How Do Wills And Super Fund Nominations Work Together?
A person's interest in a super fund generally doesn’t automatically form part of a deceased person’s estate...
How Do Wills And Super Fund Nominations Work Together?
A persons interest in a super fund generally doesn’t automatically form part of a deceased person’s estate.
Where the balance of a super fund goes upon the death of a fund beneficiary (“member”) depends upon whether or not the member has made a valid binding death benefit nomination (“BN”), under the terms of a super fund trust deed with notification to the trustee of the super fund.
The below is a very general, basic summary of the interaction of wills and BNs.
What is a valid BN?
SMSF members can leave a BN directed to a trustee instructing how they want their super benefits to be distributed, so long as this is permitted by their trust deed. Each deed can be unique in characteristics and terms so it is vital to ensure the original documentation is reviewed whenever dealing with an SMSF.
BNs can only be made in favour of dependants or Legal Personal Representatives (LPR, generally meaning the executor or administrator of a will).
BNs are also governed by Commonwealth superannuation legislation, namely the SIS Act, its regulations, ATO determinations and relevant common law.

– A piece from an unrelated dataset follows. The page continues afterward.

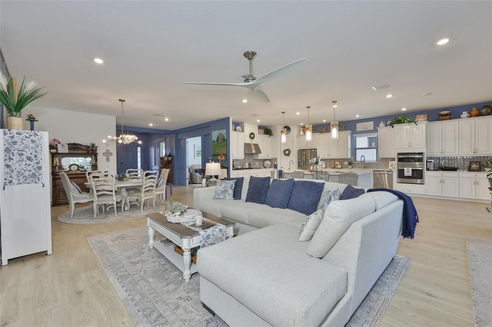 Welcome to the essence of Florida living in this meticulously maintained, beautifully appointed, nearly new Palazzio model, offering over 3,000 square feet of thoughtfully designed living space in the highly sought-after Esplanade at Artisan Lakes. Step through the elegant double-door entry and immediately experience the home's inviting ambiance, highlighted by soaring ceilings, abundant natural light, and a wide-open floor plan that delivers an impressive "wow" factor. Upgraded recessed LED lighting and designer ceiling fans are featured throughout, while a striking chandelier creates a sophisticated and welcoming first impression. Barely two years old, this three-bedroom, three-bath residence seamlessly blends architectural elegance with modern design, offering the perfect balance of luxury, comfort, and functionality. The home showcases luxury vinyl plank flooring throughout the main living area, 10-foot ceilings, 8-foot interior doors, crown molding, and tray ceilings. Designed for both everyday living and effortless entertaining, the open-concept layout flows beautifully between the gathering room, dining area, and gourmet kitchen. The chef's kitchen serves as the heart of the home, featuring upgraded cabinetry, a spacious center island, Italian porcelain tile backsplash, and a walk-in pantry. The owner's suite offers a private retreat with elegant bay windows and a spa-inspired ensuite bath, complete with dual vanities, a walk-in shower, a private water closet, and a custom walk-in closet with thoughtfully designed built-ins. Bedroom two functions as a true secondary suite with its own private bath and generous closet, while bedroom three is equally spacious and well-appointed. A versatile flex room with designer glass double doors provides the ideal space for a home office, library, den, or media room. Additional highlights include a well-appointed laundry room with built-in cabinetry for added convenience and storage, and a 4-foot extended garage complete with pro-grade polyaspartic flooring and overhead storage. Embracing Florida's indoor-outdoor lifestyle, a dramatic 12-foot pocket sliding glass door opens to an oversized covered and screened lanai, pre-plumbed for a full outdoor kitchen and fireplace, creating a stunning outdoor retreat. There is also ample space to design and build your dream pool! Living in Esplanade at Artisan Lakes offers a true resort-style experience within a beautifully planned community. Residents of this gated enclave enjoy access to an array of world-class amenities centered around a luxurious clubhouse, complemented by a full-time lifestyle director who curates engaging social events and activities. Amenities include a resort-style pool and spa, a resistance pool, a state-of-the-art fitness center, aerobics and dance studio, day spa with massage rooms, tennis, pickleball and bocce courts, gathering spaces, a catering kitchen, fire pit lounge, scenic walking and biking trails, and a dedicated dog park. Ideally located with convenient access to Interstate 75, you're just a short drive from Tampa, St. Petersburg, Sarasota, and the pristine Gulf Coast beach. Experience the perfect blend of lifestyle, space, and elevated design this exceptional home offers. Schedule your private showing today.

Legislation contains strict requirements that must be observed for BNs to be effective.
The common law (that is, determination of cases by courts and tribunals) is that these requirements will be strictly enforced – there can be no retrospective rectification.
When is super part of an estate?
Provisions of a will relating to a BN will only be effective if –
- It complies with the legislative requirements mentioned above;
- Notice is given to the trustee;
- The beneficiary of the will is a dependent of the maker of the will at death, and is nominated as a dependent at the time of nomination.
If the provision is effective then the superannuation benefits will be paid to the dependent, and doesn’t invariably form part of the deceased person’s estate.
If there is a BN in favour of the LPR, then the deceased person’s interest in a super fund will be paid to the LPR.
Who can make a nomination
The obvious answer is the super fund member.
However if the super fund trust deed provides, the donee (that is, the person granted authority to act) of a power of attorney can make, amend or revoke a nomination, unless the power of attorney states otherwise.
Lapsing or non-lapsing?
In addition to a binding death nomination, some superannuation funds also permit a member to make a non-lapsing binding death nomination. This nomination is permitted under the SIS Act. A non-lapsing binding death nomination may only be made if permitted by the trust deed and with the stated consent of the trustee.
Otherwise, a nomination lapses after three years; it ceases to have effect at the end of three years after the day it was signed, or a shorter period fixed by the governing rules, but can be renewed, amended or revoked.
So, a super fund member or their advisers need to take care to renew a lapsing BN.
In the case of a non-lapsing nomination members would also need to take heed of any changing circumstances, and make any necessary amendments to a nomination.
The super fund trustee’s obligations on death of a member
The trustee needs to determine, generally, whether a nomination is apparently binding.
If so, then the trustee has to decide whether a nominee is a dependent (as defined by the SIS Act) or LPR at the date of death.
If a nomination or nominations is or are not binding, for whatever reason, in relation to dependant, then a trustee will usually pay the superannuation benefit to the LPR.
Summing up
The above is a very general guide, and of course is not legal advice.
This a complex area of estate planning law and has been the subject of many disputes brought to the relevant adjudicating bodies.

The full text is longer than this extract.